__What the task requires__.
Without pictures, return the lines from the one containing "a desert landscape" through the last line of the data below, exactly.

__Provided data__.
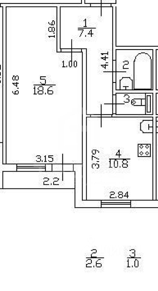 * Лоджия (2,2 м²);
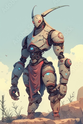 © boler, Fototapeta premium A weathered robot stands in a desert landscape
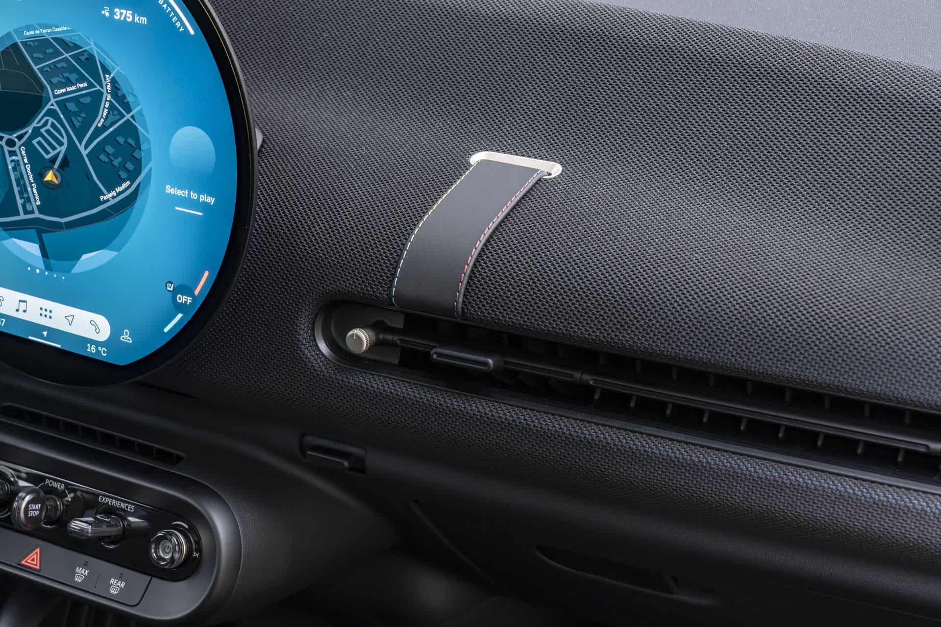 Next, the new MINI Cooper SE features all-vegan upholstery, complemented by knitted fabric on the dashboard and door panels. For those seeking detailed customization, the strap that functions as a spoke on the steering wheel and the dashboard strap can be personalized with various color and stitching options. Some might call these details statements of style and choice.

__Exercise result__.
 © boler, Fototapeta premium A weathered robot stands in a desert landscape
 Next, the new MINI Cooper SE features all-vegan upholstery, complemented by knitted fabric on the dashboard and door panels. For those seeking detailed customization, the strap that functions as a spoke on the steering wheel and the dashboard strap can be personalized with various color and stitching options. Some might call these details statements of style and choice.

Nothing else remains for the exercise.